Regarding Claim 11. Xu further teaches The computer-implemented method of claim 7, wherein the generative language model and the generative image model are separate models (Xu, [0028] FIG. 2 shows an example environment of an embodiment of the disclosure including a text-to-image system 201 such as may exist within system 110. … The backend of system 201 also contains, in some embodiments, a text-to-image model inference engine 204, an image search engine 205, a prompt analysis and merge engine 206, a prompt-based model classifier 207, and a prompt-based sampler classifier 208, all of which interact to drive the image generation described in FIG. 1A. The text-to-image model inference engine 204 may in some embodiments, using the prompt and parameters as input, generate an output image. 
[0030] The prompt analysis and merge engine 206, in some embodiments, includes a sentence merging model that can be trained to merge the main descriptions of two prompts together by fine tuning a large pretrained language model, like OpenAI's GPT BERT, XLNet, or ROBERTa with collected training data.).

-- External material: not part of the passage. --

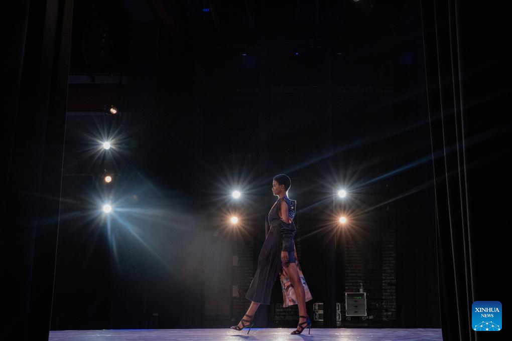 A model presents a creation at Soweto Fashion Week in Soweto, Johannesburg, South Africa, on May 8, 2024. (Photo by Ihsaan Haffejee/Xinhua)

Claim 12 is similar in scope as Claim 1, and thus is rejected under same rationale. Claim 12 further requires
a processor; and
a storage medium storing instructions (Xu, [0055] The system 201 may be implemented using any suitable architecture….Control circuitry may retrieve instructions of the application from storage and process the instructions to provide image generation and selection discussed herein.).

Regarding Claim 13. Xu further teaches The system of claim 12, wherein the instructions, when executed by the processor, cause the system to: display the one or more first generative containers and the one or more second generative containers on a user interface comprising a new container area (Xu, as shown in Fig 1A, generated image contents are displayed at the bottom of the GUI. 
Although Xu didn’t explicitly teach “generative containers”, Xu teaches displaying generated image content at a pre-defined section of the user interface. It is obvious to a person with ordinary skill in the art that the bottom section of the user interface holding generative image, is similar to the generative container.).

Regarding Claim 15. Xu further teaches The system of claim 12, wherein the instructions, when executed by the processor, cause the system to: receiving the requested refinement via the one or more second generative containers (Xu, [0044] FIG. 6 shows the system receiving a selection of a particular search result 601 in the example embodiment shown in FIGS. 4 and 5. Scrolling may display more results. Box 602 displays metadata associated with result 601 which includes generation parameters in the form of a model 604, prompt 606, and parameters 608.
[0045] FIG. 7 shows the embodiment of FIGS. 4-6 receiving a request to merge the prompt 606 with prompt 501, as indicated by the position of cursor 402 over the merge option 701. Upon receiving the selection of merge option 701, the system uses the prompt analysis and merge engine 206 to merge the prompts 501 and 606 to create prompt 702 "a 68 year old priest with red robe, Vincent Van Gogh." The model 604 and parameters 608 are input upon receiving the instructions to merge as well.).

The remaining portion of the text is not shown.